→ **About this exercise**:
Print the lines below from the line with "Обчисліть площу основи.для" to the line with "RÖSLE gourmettermometer har" exactly, keeping both ends, and print no pictures.

→ **Given data**:
_____
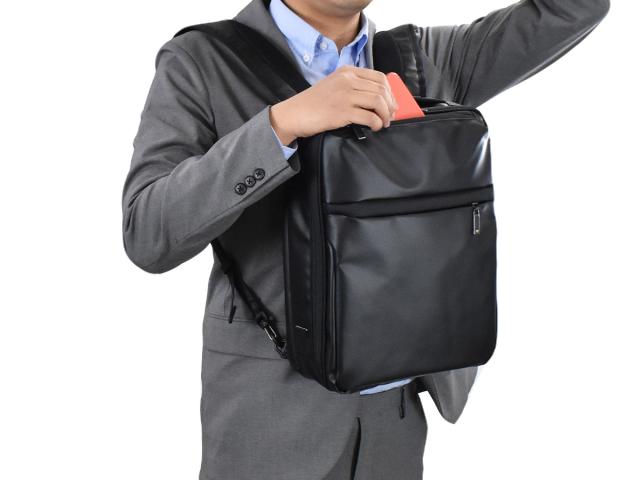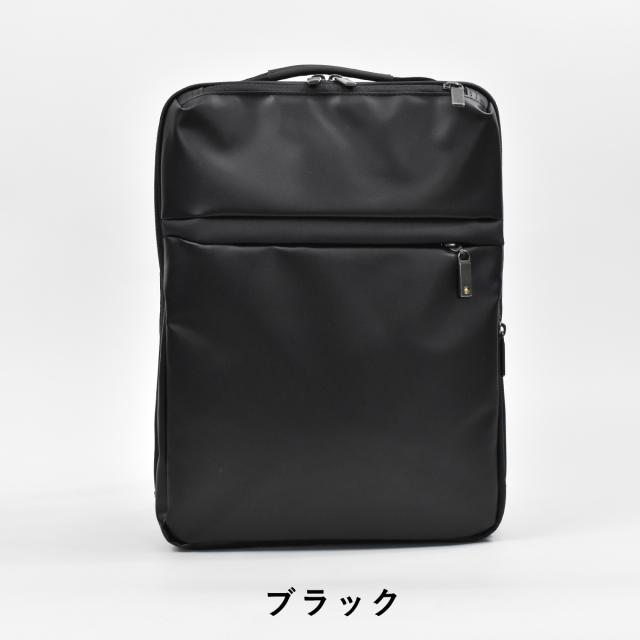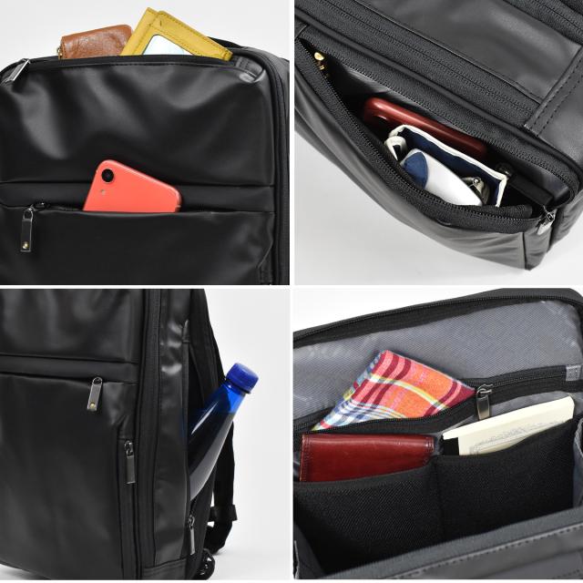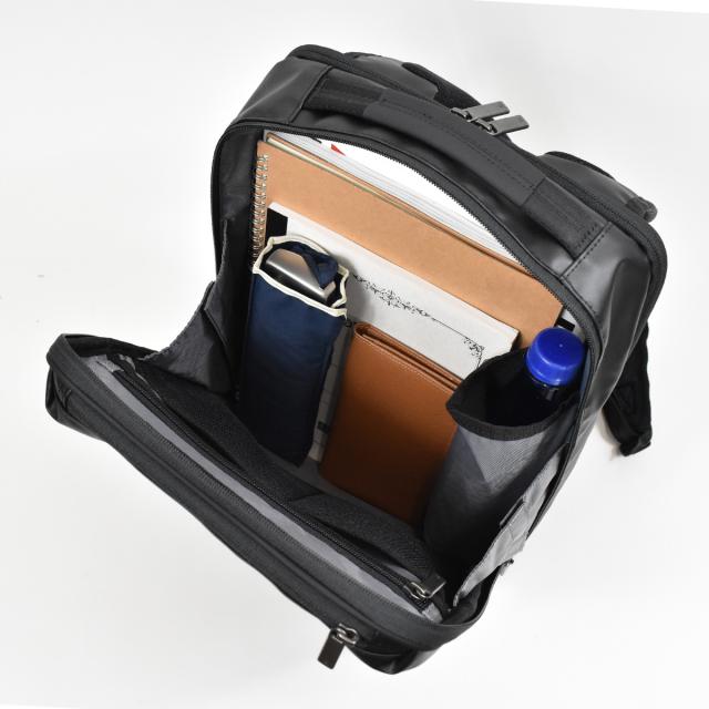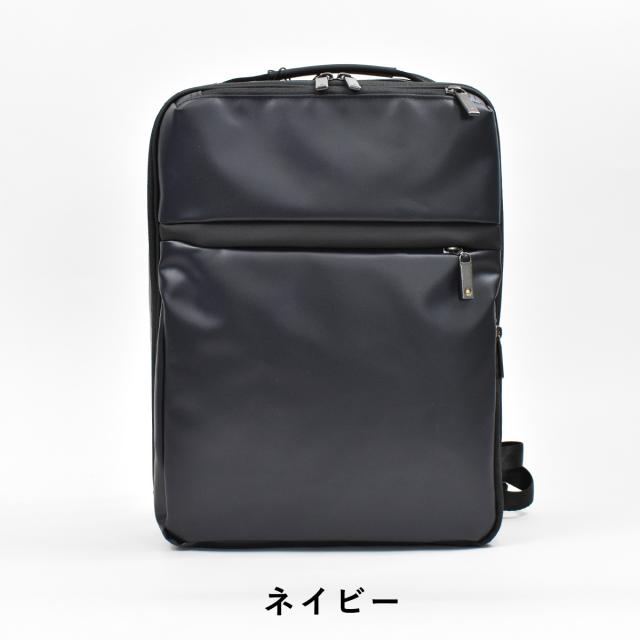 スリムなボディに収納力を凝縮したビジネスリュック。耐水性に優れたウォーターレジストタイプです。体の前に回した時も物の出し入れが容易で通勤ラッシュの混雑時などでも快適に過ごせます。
_____
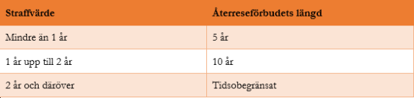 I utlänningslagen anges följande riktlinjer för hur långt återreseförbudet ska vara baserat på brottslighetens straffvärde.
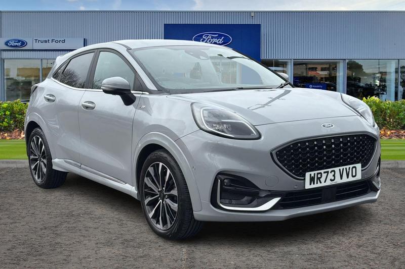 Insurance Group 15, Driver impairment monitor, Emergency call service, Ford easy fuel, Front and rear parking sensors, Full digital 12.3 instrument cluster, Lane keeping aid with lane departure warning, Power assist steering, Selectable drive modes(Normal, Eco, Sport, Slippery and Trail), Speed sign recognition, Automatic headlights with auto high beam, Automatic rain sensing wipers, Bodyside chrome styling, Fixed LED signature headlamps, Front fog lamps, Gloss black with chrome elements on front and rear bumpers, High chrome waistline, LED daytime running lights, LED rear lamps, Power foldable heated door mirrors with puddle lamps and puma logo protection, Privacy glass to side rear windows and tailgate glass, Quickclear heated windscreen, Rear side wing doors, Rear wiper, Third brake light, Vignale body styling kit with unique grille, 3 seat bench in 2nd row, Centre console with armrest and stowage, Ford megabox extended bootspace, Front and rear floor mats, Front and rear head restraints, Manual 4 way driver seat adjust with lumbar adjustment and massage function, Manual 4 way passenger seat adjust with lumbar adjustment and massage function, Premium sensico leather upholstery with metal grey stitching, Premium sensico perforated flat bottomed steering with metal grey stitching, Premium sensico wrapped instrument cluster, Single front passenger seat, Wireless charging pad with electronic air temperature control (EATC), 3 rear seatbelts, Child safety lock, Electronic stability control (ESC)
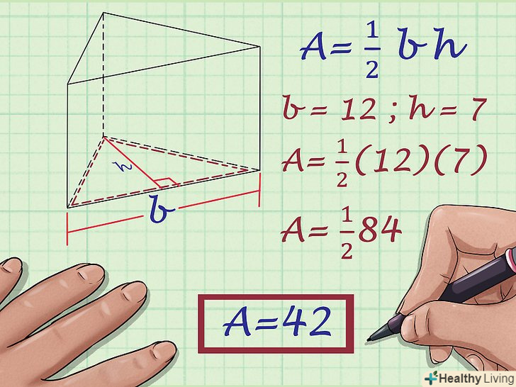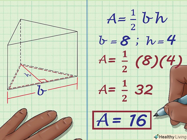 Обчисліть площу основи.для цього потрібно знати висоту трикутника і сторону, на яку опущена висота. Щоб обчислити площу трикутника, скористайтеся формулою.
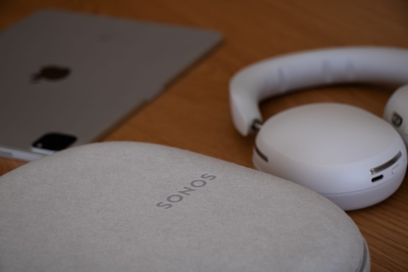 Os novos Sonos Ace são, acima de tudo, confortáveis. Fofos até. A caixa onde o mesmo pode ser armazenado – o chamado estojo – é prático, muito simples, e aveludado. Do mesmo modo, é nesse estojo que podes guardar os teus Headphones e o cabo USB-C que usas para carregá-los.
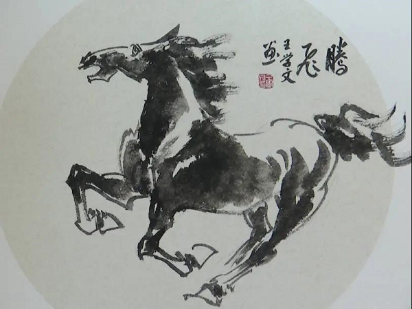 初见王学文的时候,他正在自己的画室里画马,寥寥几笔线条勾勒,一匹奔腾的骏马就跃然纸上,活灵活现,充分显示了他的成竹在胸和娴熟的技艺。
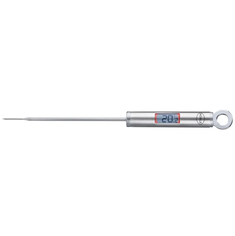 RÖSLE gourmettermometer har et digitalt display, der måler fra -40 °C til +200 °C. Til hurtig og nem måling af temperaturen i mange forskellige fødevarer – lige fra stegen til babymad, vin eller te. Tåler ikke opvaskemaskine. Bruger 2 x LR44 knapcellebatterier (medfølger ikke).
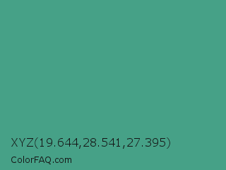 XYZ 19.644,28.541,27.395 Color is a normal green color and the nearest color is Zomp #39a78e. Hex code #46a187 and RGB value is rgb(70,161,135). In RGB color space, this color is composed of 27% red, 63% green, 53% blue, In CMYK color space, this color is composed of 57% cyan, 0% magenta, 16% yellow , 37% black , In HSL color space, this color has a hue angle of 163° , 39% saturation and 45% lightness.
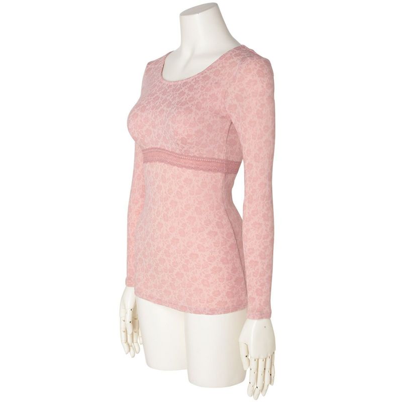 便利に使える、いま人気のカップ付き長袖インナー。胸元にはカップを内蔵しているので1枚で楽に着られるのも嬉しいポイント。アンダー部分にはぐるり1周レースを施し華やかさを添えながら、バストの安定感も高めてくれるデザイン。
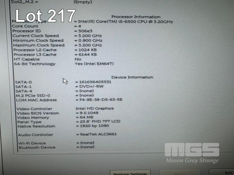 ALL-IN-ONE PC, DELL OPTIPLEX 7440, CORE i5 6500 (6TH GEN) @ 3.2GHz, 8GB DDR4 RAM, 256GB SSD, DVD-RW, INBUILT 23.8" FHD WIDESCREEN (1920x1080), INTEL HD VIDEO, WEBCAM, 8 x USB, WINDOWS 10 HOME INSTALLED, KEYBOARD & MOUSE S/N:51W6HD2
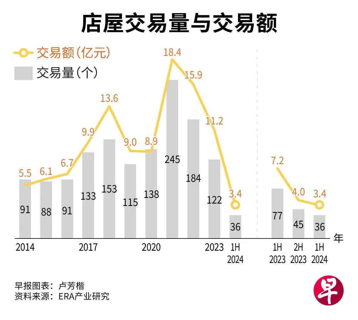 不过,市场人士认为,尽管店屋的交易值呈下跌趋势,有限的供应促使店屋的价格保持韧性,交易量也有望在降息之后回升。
_____
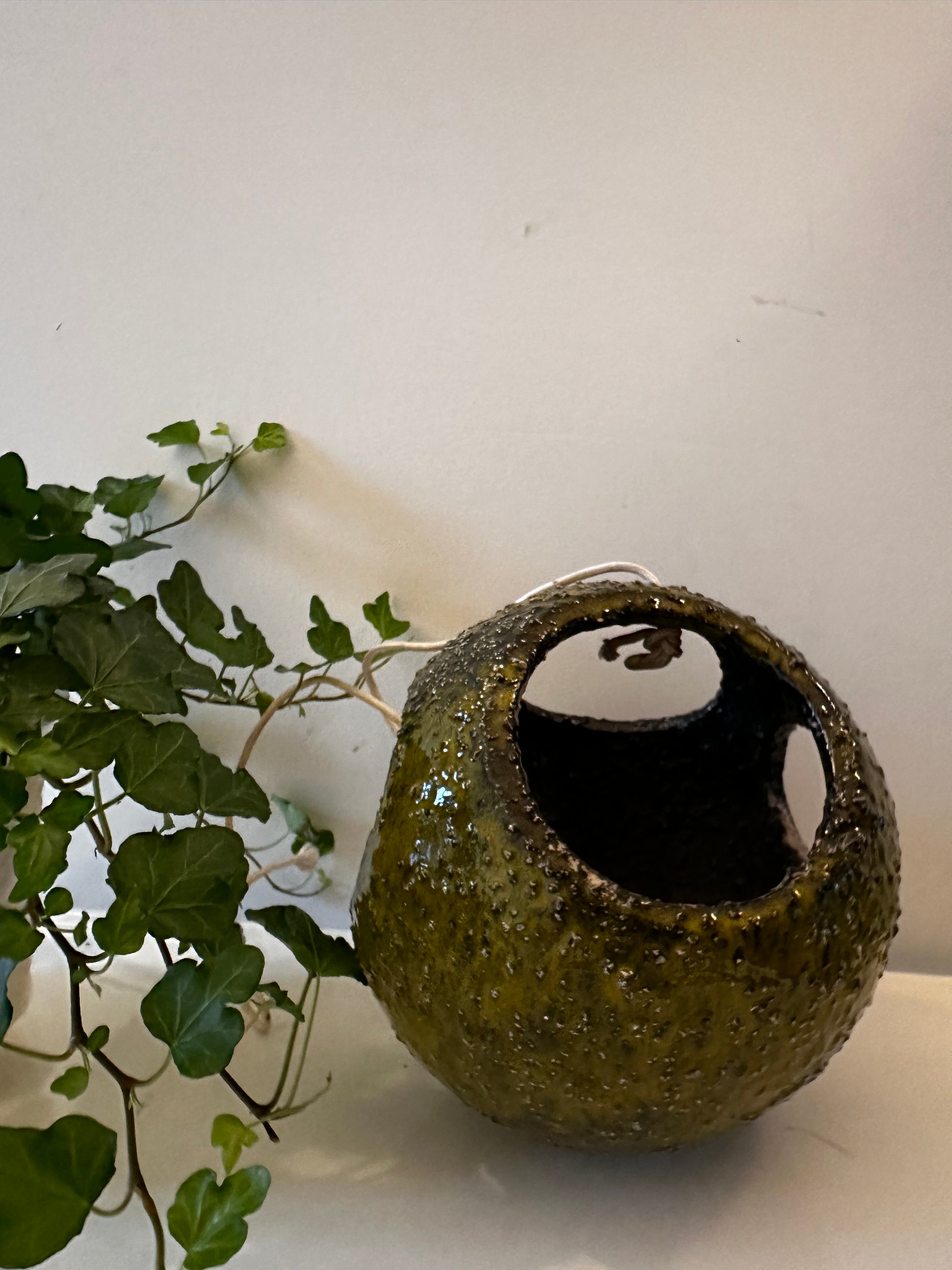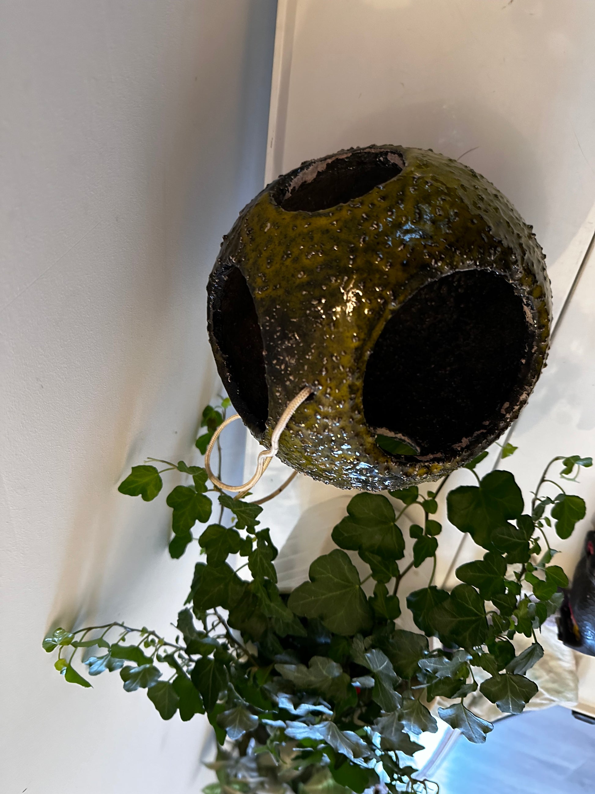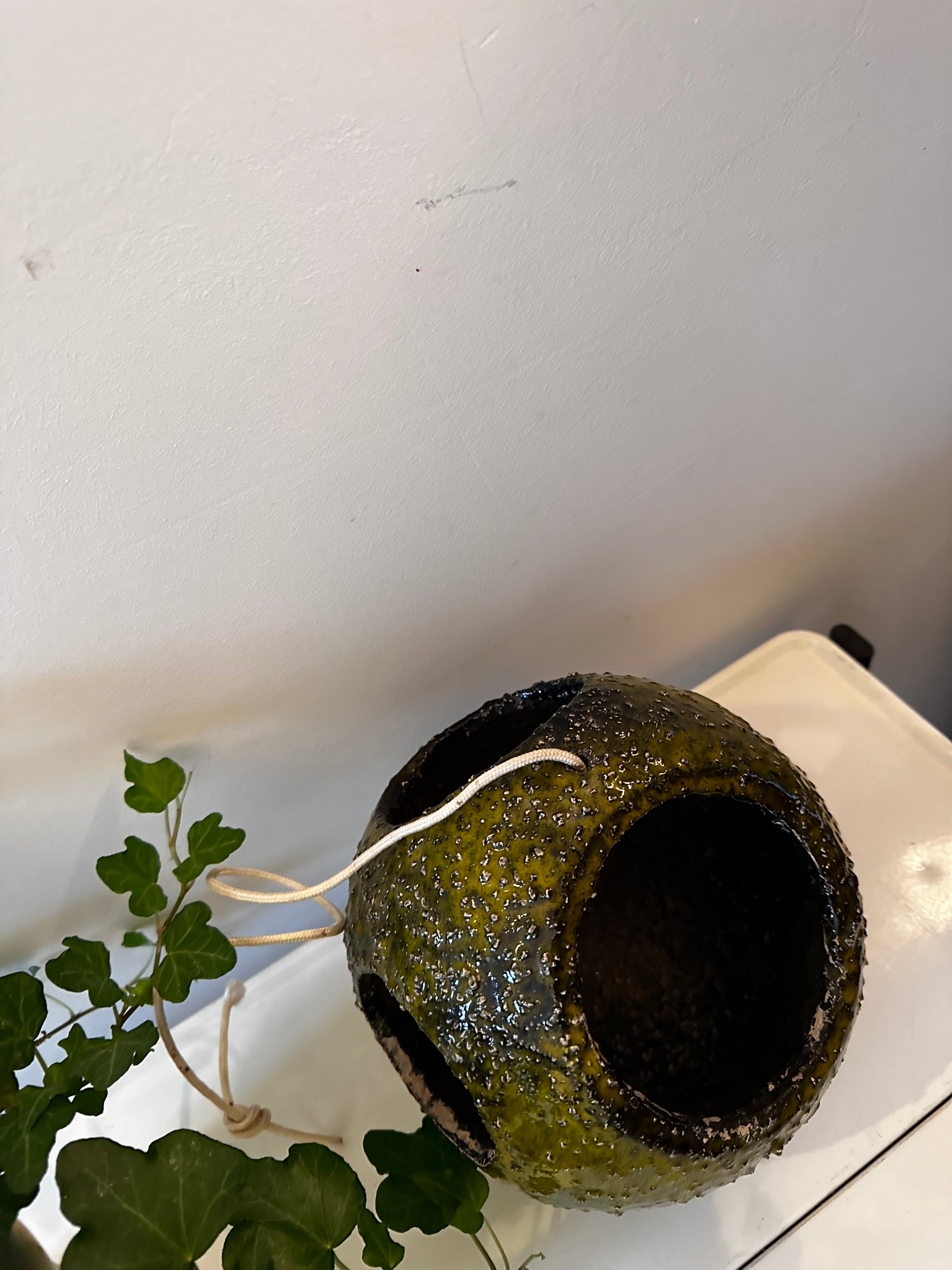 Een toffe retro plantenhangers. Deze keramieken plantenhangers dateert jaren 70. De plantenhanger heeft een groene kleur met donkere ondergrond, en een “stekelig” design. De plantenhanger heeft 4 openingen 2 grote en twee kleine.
_____
→ **Solution for this task**:
 Обчисліть площу основи.для цього потрібно знати висоту трикутника і сторону, на яку опущена висота. Щоб обчислити площу трикутника, скористайтеся формулою.
 Os novos Sonos Ace são, acima de tudo, confortáveis. Fofos até. A caixa onde o mesmo pode ser armazenado – o chamado estojo – é prático, muito simples, e aveludado. Do mesmo modo, é nesse estojo que podes guardar os teus Headphones e o cabo USB-C que usas para carregá-los.
 初见王学文的时候,他正在自己的画室里画马,寥寥几笔线条勾勒,一匹奔腾的骏马就跃然纸上,活灵活现,充分显示了他的成竹在胸和娴熟的技艺。
 RÖSLE gourmettermometer har et digitalt display, der måler fra -40 °C til +200 °C. Til hurtig og nem måling af temperaturen i mange forskellige fødevarer – lige fra stegen til babymad, vin eller te. Tåler ikke opvaskemaskine. Bruger 2 x LR44 knapcellebatterier (medfølger ikke).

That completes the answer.